DANS L’INSTANCE OPPOSANT :
Monsieur [F] [G]
né le 29 Janvier 1971 à LA FERTE BERNARD (72400), demeurant 13 rue Nationale – 53350 BALLOTS
représenté par Me Angélique DUPRIEZ, avocat au barreau d’ARRAS
A :
Madame [P] [N] épouse [G]
née le 22 Décembre 1973 à VANNES (56000), demeurant 2 rue Molière – Résidence Molière – Appt 131 – 62117 BREBIERES
représentée par Me Nina TONKEVA, avocat au barreau d’ARRAS
RAPPEL DES FAITS ET DE LA PROCÉDURE
Mme [P] [N] et M. [F] [G] ont contracté mariage le 15 juin 2020 à CONGRIER (Mayenne), sans contrat de mariage.
Par acte de Commissaire de Justice en date du 04 février 2025, M. [F] [G] a assigné Mme [P] [N] en divorce devant le Juge aux affaires familiales du Tribunal Judiciaire d’ARRAS, pour altération définitive du lien conjugal, sur le fondement des articles 237 et suivants du Code civil.
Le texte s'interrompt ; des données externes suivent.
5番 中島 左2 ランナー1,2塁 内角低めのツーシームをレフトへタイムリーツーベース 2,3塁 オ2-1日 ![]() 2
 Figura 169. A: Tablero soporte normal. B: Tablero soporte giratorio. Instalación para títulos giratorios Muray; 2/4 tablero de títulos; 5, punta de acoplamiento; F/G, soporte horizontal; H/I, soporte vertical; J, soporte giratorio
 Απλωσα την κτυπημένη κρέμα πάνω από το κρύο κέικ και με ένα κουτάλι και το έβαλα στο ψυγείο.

Acte délivré à personne.
L’acte de naissance de Mme [P] [N] indique la présence de deux mentions répertoire civil prononcée le 19 juillet 2012 et le 05 mai 2017.
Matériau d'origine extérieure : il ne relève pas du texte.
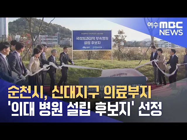 순천시가 신대지구에 있는 의료부지를 의대 부속병원 설립 후보지로 선정했습니다.순천시는 오늘(13)순천대 총장과 지역 국회의원 등이 참석한 가운데 의대 부속병원 설립 후보지 선정 기념식을 열고의과대학 유치에 대한 의지를다시 한번 밝혔습니다.순천시는 신대지구 의료부지가 전남 동부권과 경남 서부권을 아우를 수 ...

Suite à la réouverture des débats, les parties produisent une ordonnance du Juge des tutelles du Tribunal Judiciaire de LAVAL en date du 03 juin 2022 mentionnant la caducité de la mesure de protection au 23 mars 2022.
A l’audience du 25 mars 2025, les parties étaient représentées par leurs conseils respectifs.
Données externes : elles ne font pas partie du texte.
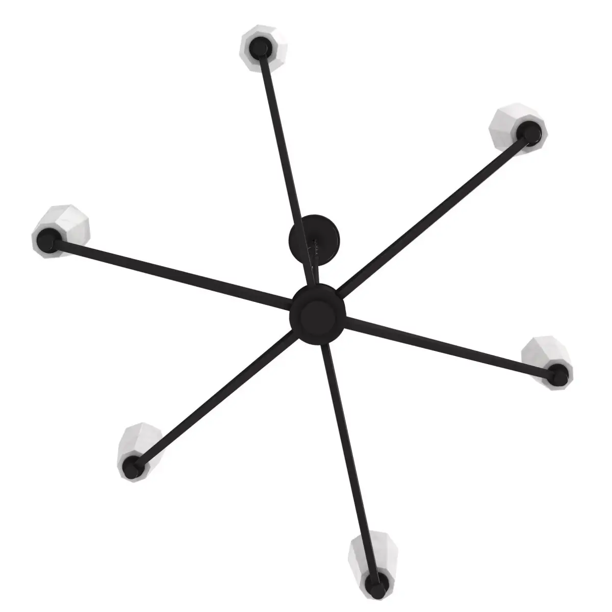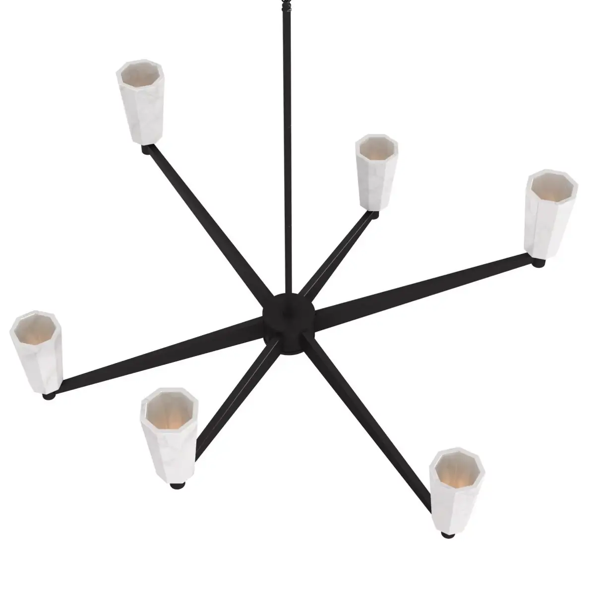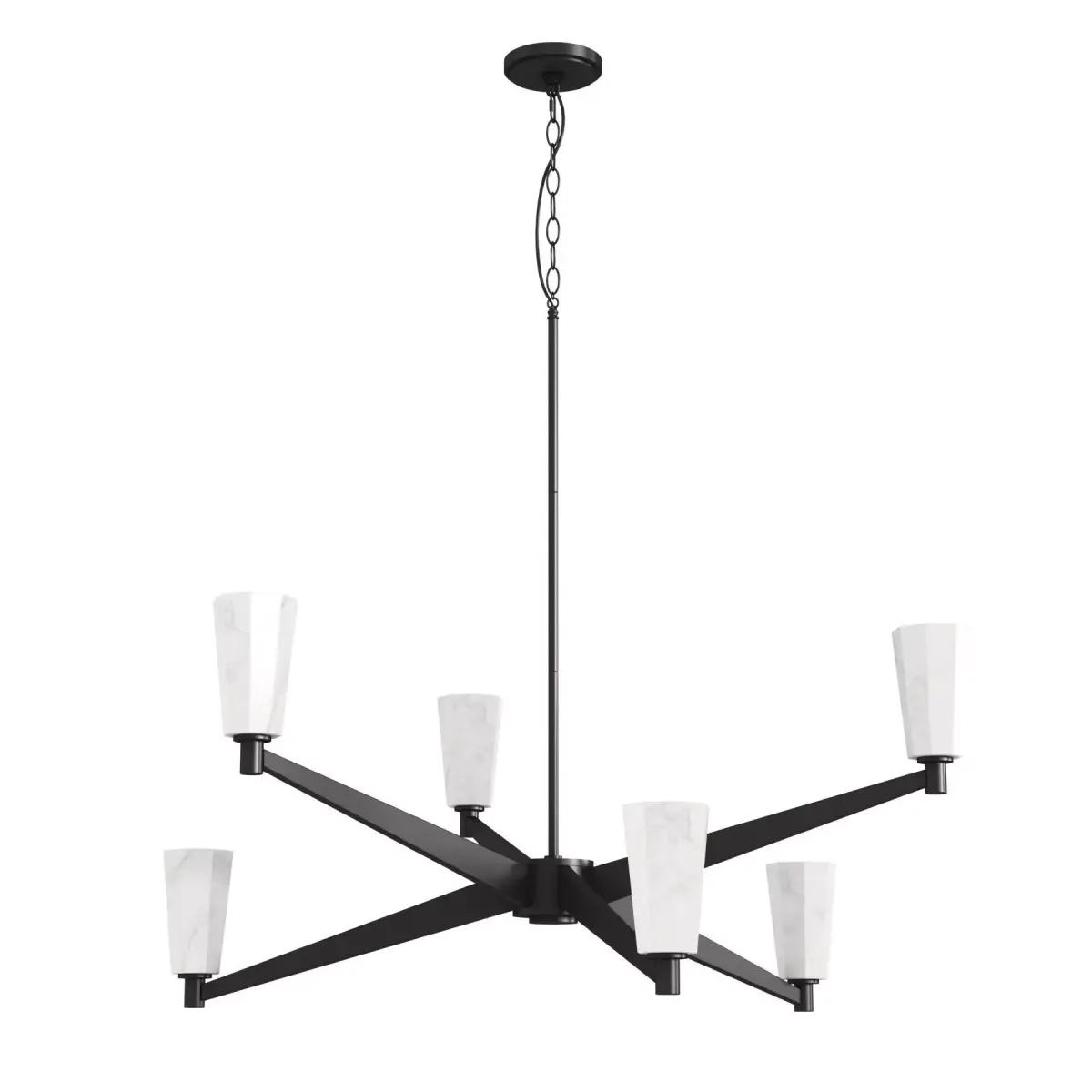 The chandelier's graceful design is perfect for dining rooms and great roomsThis stunning light is ideal for Modern Luxe and Soft Modern settingsA Matte Black finish enhances the fixture's striking silhouetteFaux alabaster shades radiate lovely patterns of light and textures when illuminatedThe scale and design of this fixture creates a captivating focal point in roomsUses (6) 60-watt max candelabra base bulbs or LED equivalent, that is sold separately, and dimmable when used in conjunction with a dimmable bulbMeasures 41-in. diameter by 16.12-in. heightOur 1-Year Limited Warranty guarantees your complete satisfaction with your purchase and includes professional after-sales customer service supportIncludes installation instructions and mounting hardware for a quick, easy installation

M. [F] [G] a indiqué renoncer à toutes mesures provisoires et Mme [P] [N] n’en a formulé aucune.
Aux termes son assignation signifiée le 04 février 2025, M. [F] [G] sollicite de (Acte délivré à personne) :
— prononcer le divorce pour altération définitive du lien conjugal avec toutes conséquences de droit,
— en ordonner la transcription sur les actes d’état civil,
— constater qu’il est formulé une proposition de règlement des intérêts pécuniaires des époux,
— fixer la date des effets du divorce à compter de la cessation de la cohabitation et de la collaboration des époux soit le 30 août 2020,
— dire et juger que chacun des époux conservera à sa charge ses frais et dépens,
Dans ses conclusions récapitulatives signifiées par RPVA le 28 février 2025, Mme [P] [N] sollicite de :
— prononcer le divorce pour altération définitive du lien conjugal,
— en ordonner la transcription sur les actes d’état civil,
— dire que chaque époux reprendra l’usage de son propre nom,
— fixer la date des effets du divorce à compter de la cessation de la cohabitation et de la collaboration des époux soit le 30 août 2020,
— prononcer la révocation des donations et/ou avantages matrimoniaux consentis par l’un des époux au profit de l’autre durant la vie commune et qui n’auraient pas produit leurs effets, ce en vertu des dispositions de l’article 265 du code civil,
— dire qu’il n’y a pas lieu à de prestation compensatoire à l’égard de l’un ou de l’autre des époux,
— laisser à chaque partie la charge de ses frais et dépens,
— ordonner l’exécution provisoire du jugement à intervenir,
En application de l’article 455 du code de procédure civile, il convient de se reporter aux écritures des parties pour un exposé exhaustif des prétentions et des moyens développés au soutien de celles-ci.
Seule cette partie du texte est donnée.